AIM OF THE TASK | In the entries below, find the line with "и эстетически привлекательной." and the line with "巴慕斯豆浆机智能语音旗舰款微压焖香多功能膳食破壁机数显全自动料理机 【小号基础款】1-2人用 0.8L". Print those two and everything between them exactly, and nothing else.

RECORDS FOR PROCESSING |

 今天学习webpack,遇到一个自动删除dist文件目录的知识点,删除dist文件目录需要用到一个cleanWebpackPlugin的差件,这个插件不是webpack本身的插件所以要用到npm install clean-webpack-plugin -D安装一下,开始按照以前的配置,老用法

--

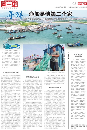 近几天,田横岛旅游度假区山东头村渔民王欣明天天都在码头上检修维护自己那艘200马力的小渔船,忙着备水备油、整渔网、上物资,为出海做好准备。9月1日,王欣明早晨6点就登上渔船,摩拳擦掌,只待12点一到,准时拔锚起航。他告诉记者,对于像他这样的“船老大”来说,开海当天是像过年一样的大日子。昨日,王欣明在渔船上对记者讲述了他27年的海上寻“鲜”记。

* * *

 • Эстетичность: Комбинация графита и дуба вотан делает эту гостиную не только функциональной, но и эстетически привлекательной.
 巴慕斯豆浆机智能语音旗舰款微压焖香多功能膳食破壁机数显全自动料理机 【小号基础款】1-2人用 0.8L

YOUR SOLUTION |
 • Эстетичность: Комбинация графита и дуба вотан делает эту гостиную не только функциональной, но и эстетически привлекательной.
 巴慕斯豆浆机智能语音旗舰款微压焖香多功能膳食破壁机数显全自动料理机 【小号基础款】1-2人用 0.8L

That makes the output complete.